Job Specific Requirements
Demonstrated experience and education relevant to the role.
HOW TO APPLY
Applicants will need to apply ONLINE via our website.
Applicants will be asked to submit a maximum 800 word pitch outlining their skills and experience for the
role on offer along with a comprehensive resume detailing their work history.
Applicants are encouraged to consider the capabilities when preparing their application, as this
will form the basis of selection assessment. For more information and tips on applying for jobs in
the Public Service, search ‘Joining the APS’ at www.apsc.gov.au.
You may receive a SMS requesting you to complete online testing. Please ensure you complete
this as your application will not be progressed otherwise.
APPLICATIONS CLOSE: Monday 28 October 2024
ELIGIBILITY
Candidates must be Australian citizens.
The successful candidate will be required to obtain and maintain the highest-level security clearance.
REASONABLE ADJUSTMENTS
All requests for reasonable adjustments will be considered and managed in consultation with you.
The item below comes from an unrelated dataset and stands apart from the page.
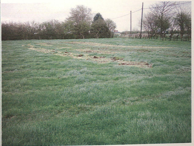
Trench 38, below left pre ex, post ex below right

We will
continue to ask you if you require reasonable adjustments at each stage of the process. If you are successful
in gaining employment, reasonable adjustments can also be made available to you in performing your role.
WHAT HAPPENS NEXT?
You may receive a SMS requesting you to complete online testing. Please ensure you complete this as your
application will not be progressed otherwise.
Please do not tell anyone about your application with our organisation at this stage of the process as doing
so may harm your suitability for employment with us.
A merit list will be established for candidates who are suitable and will remain valid for a period of 18
months.
We thank you for the time and effort you have put into your application; however, we are unfortunately
unable to provide feedback to unsuccessful candidates.